WBI is an HTTP request processor. This means that WBI receives requests from clients through the HTTP protocol, processes them, and returns results to the client. The way WBI processes these requests is completely programmable.

WBI as Proxy

In many circumstances, WBI is programmed to act as a proxy. A proxy receives HTTP requests and forwards them to the appropriate server (referred to as the origin server) for the request to be satisfied. When the origin server returns the results to WBI, they are then forwarded back to the client. This proxy function is often completely transparent to the client. In other words, the client receives back the same results as if the origin server had been addressed directly. Transparent proxies are commonly used to provide firewall protection for an enterprise and to cache web pages for better network utilization.

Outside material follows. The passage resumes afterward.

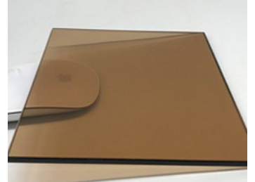
BRONZE TOUGHENED GLASS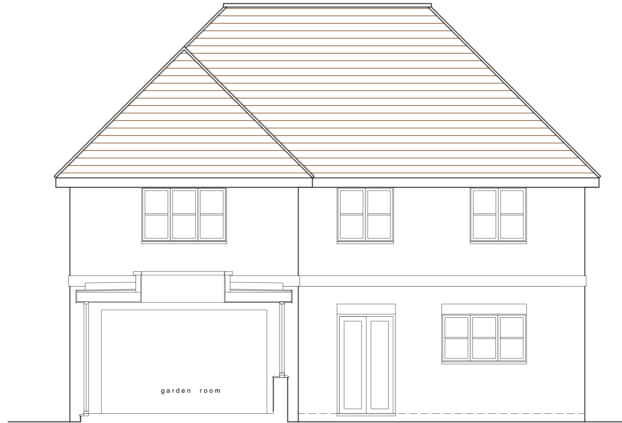
REAR ELEVATION / SECTION THRU' GARDEN ROOM

All dimensions and levels to be checked on site and any discrepancies to be reported to the architect before construction. Written dimensions to be taken in preference to scaled dimensions.

Proxies need not be transparent. In other words, the proxy may produce different results for the client than the client would have received if it had addressed the origin server directly. Common uses for non-transparent proxies are:

  • Transcoding: conversion of the content from one form to another, such as rendering it for a limited-capacity display or compressing the content for slow network links;
  • Blocking: blocking access to particular content that the client is not permitted to see; and
  • User Modeling: recording a userís access patterns and then modifying the content the user sees to personalize or customize it for his or her needs.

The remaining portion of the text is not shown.